我有多个以,"分隔的 csv 文件,其中包含记录的水管压力传感器数据,已按日期从旧到新排序.对于所有原始文件,第一列始终包含格式为 YYYYMMDD 的日期.我查看了类似的讨论主题,但找不到我需要的内容.

I have multiple "," delimited csv files with recorded water pipe pressure sensor data, already sorted by date older-newer. For all original files, the first column always contains dates formated as YYYYMMDD. I have looked at similar discussion threads but couldn't find what I need.

  1. 用于向目录中的每个 csv 文件添加新列的 Python 脚本,其中标题为Pipe"的新列的每一行都有一个文件名,省略文件扩展名字符串.

  1. Python script to add a new column to every csv file in the directory, where each row of the new column titled as "Pipe" would have a file name, omitting file extension string.

可以选择将截止日期指定为 YYYYMMDD,以便删除原始输入文件中的行.例如,如果某个文件的日期为 20140101 到 20140630,如果日期为 <20140401.

Have the option of specifying a cut off date as YYYYMMDD in order to delete rows in the orginal input file. For example, if some file has dates 20140101 to 20140630, I would like cut out rows of data if their date is < 20140401.

可以选择在进行这些修改后覆盖原始文件或将每个文件保存到不同的目录,文件名与原始文件相同.

Have the option of either to overwrite the original files after having made these modifications or save each file to a different directory, with file names same as the originals.

输入:PipeRed.csv;标题:日期、压力 1、压力 2、温度 1、温度 2 等,

Input: PipeRed.csv; Headers: Date,Pressure1,Pressure2,Temperature1,Temperature2 etc,

输出:PipeRed.csv;标题:管道、日期、压力 1、压力 2、温度 1、温度 2 等,

Output: PipeRed.csv; Headers: Pipe,Date,Pressure1,Pressure2,Temperature1, Temperature2,etc,

我找到了一些代码并对其进行了一些修改,但它不会像上面描述的那样删除行,而是将文件名列添加到最后而不是第一个.

I have found some code and modified it a little, but it doesn't delete rows like was described above and adds the file name column last rather than 1st.

import csv
import sys
import glob
import re

for filename in glob.glob(sys.argv[1]):
#def process_file(filename):
    # Read the contents of the file into a list of lines.
    f = open(filename, 'r')
    contents = f.readlines()
    f.close()

    # Use a CSV reader to parse the contents.
    reader = csv.reader(contents)

    # Open the output and create a CSV writer for it.
    f = open(filename, 'wb')
    writer = csv.writer(f)

    # Process the header.
    writer = csv.writer(f)
    writer.writerow( ('Date','Pressure1','Pressure2','Pressure3','Pressure4','Pipe') )
    header = reader.next()
    header.append(filename.replace('.csv',""))
    writer.writerow(header)

    # Process each row of the body.
    for row in reader:
        row.append(filename.replace('.csv',""))
        writer.writerow(row)

    # Close the file and we're done.
    f.close()

推荐答案

这个功能应该很接近你想要的.我已经在 Python 2.7.9 和 3.4.2 中对其进行了测试.我发布的初始版本有一些问题,因为 —正如我所提到的—它未经测试.我不确定您使用的是 Python 2 还是 Python 3,但这在任何一个中都可以正常工作.
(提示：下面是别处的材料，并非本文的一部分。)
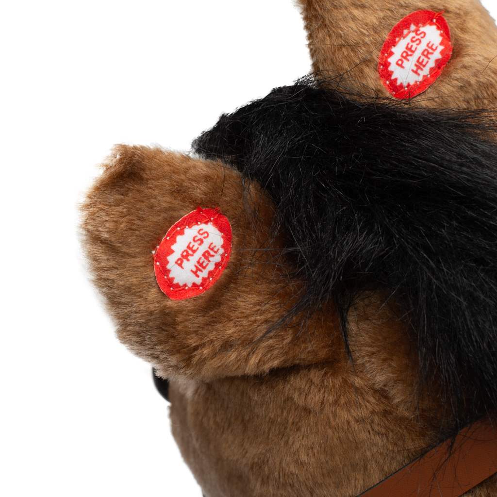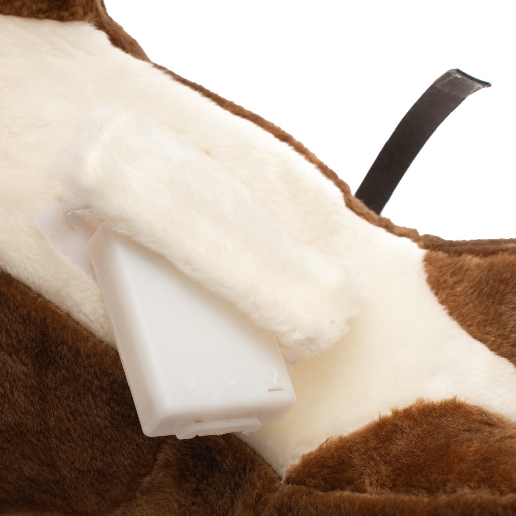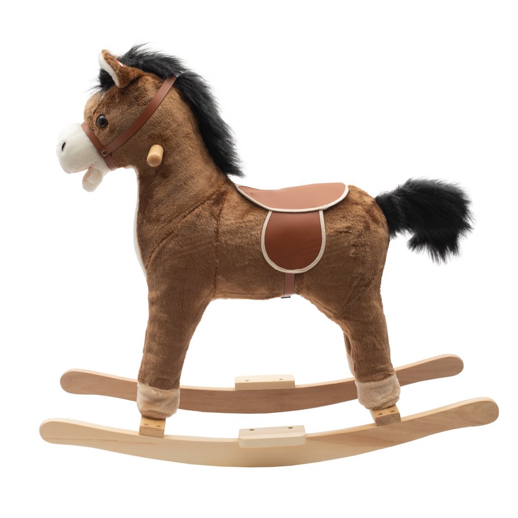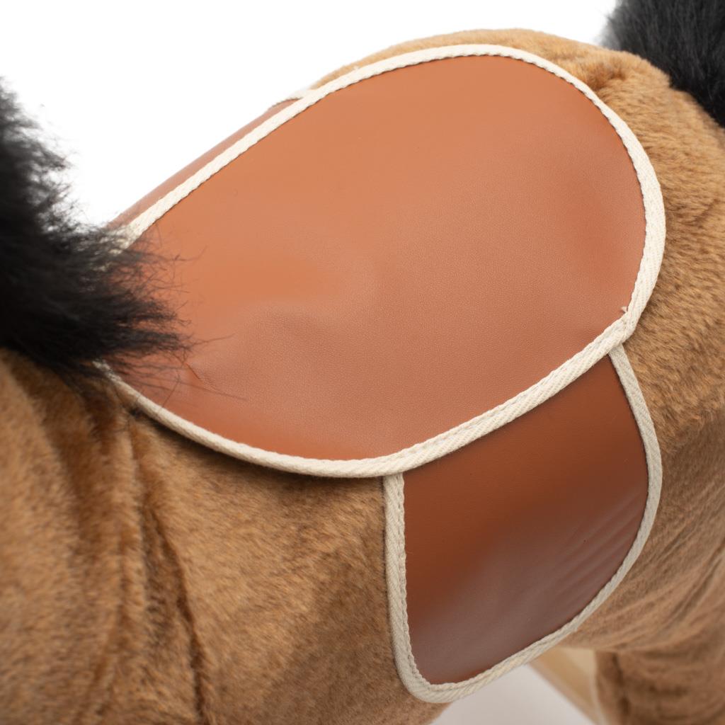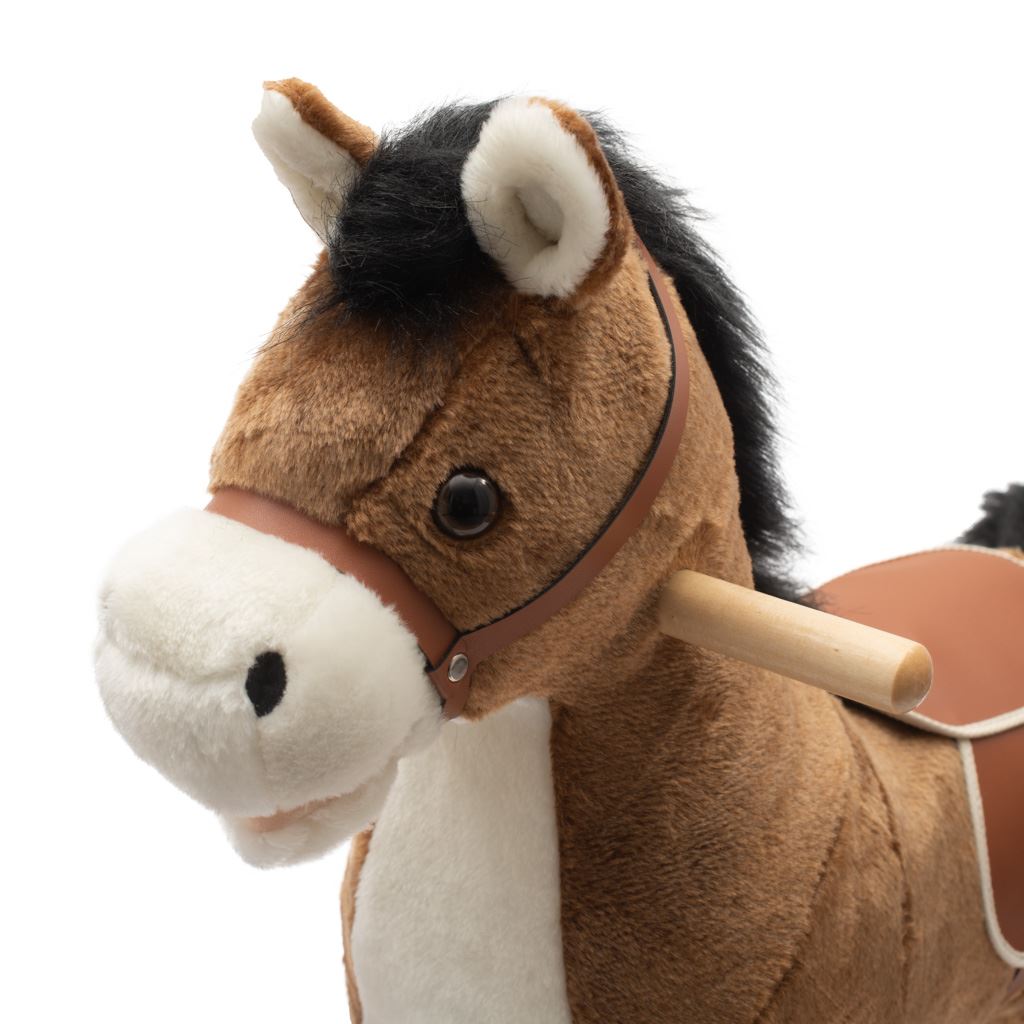 The beautiful PlayTo rocking horse has been designed for children who love rocking and adventure. It is made of soft and very pleasant to the touch plush material. When you press the tabs, the horse moves its mouth, neighs happily or plays cheerful music. The batteries are inserted into a pouch located on the tummy. The toy helps the child to develop coordination of movements and stimulates his imagination. The rocking bars can be easily unscrewed.

This function should be very close to what you want. I've tested it in both Python 2.7.9 and 3.4.2. The initial version I posted had some problems because — as I mention then — it was untested. I'm not sure if you're using Python 2 or 3, but this worked properly in either one.

与之前版本相比的另一个变化是可选关键字日期参数的名称已从 cutoff_date 更改为 start_date 以更好地反映它的内容.截止日期通常表示可以执行的最后日期某事——与您在问题中使用它的方式相反.另请注意,提供的任何日期都应为字符串,即 start_date='20140401',而不是整数.
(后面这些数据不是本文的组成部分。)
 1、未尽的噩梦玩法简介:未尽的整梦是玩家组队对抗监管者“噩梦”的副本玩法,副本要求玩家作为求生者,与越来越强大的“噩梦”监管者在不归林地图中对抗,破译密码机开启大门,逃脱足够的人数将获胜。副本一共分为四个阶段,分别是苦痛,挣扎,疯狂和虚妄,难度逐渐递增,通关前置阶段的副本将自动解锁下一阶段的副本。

Another change from the previous version is that the optional keyword date argument's name had been changed from cutoff_date to start_date to better reflect what it is. A cutoff date usually means the last date on which it is possible to do something—the opposite of the way you used it in your question. Also note that any date provided should a string, i.e. start_date='20140401', not as an integer.

一项增强功能是,如果指定了但不存在,它现在将创建输出目录.

One enhancement is that it will now create the output directory if one is specified but doesn't already exist.

import csv
import os
import sys

def open_csv(filename, mode='r'):
    """ Open a csv file in proper mode depending on Python verion. """
    return (open(filename, mode=mode+'b') if sys.version_info[0] == 2 else
            open(filename, mode=mode, newline=''))

def process_file(filename, start_date=None, new_dir=None):
    # Read the entire contents of the file into memory skipping rows before
    # any start_date given (assuming row[0] is a date column).
    with open_csv(filename, 'r') as f:
        reader = csv.reader(f)
        header = next(reader)  # Save first row.
        contents = [row for row in reader if start_date and row[0] >= start_date
                                                or not start_date]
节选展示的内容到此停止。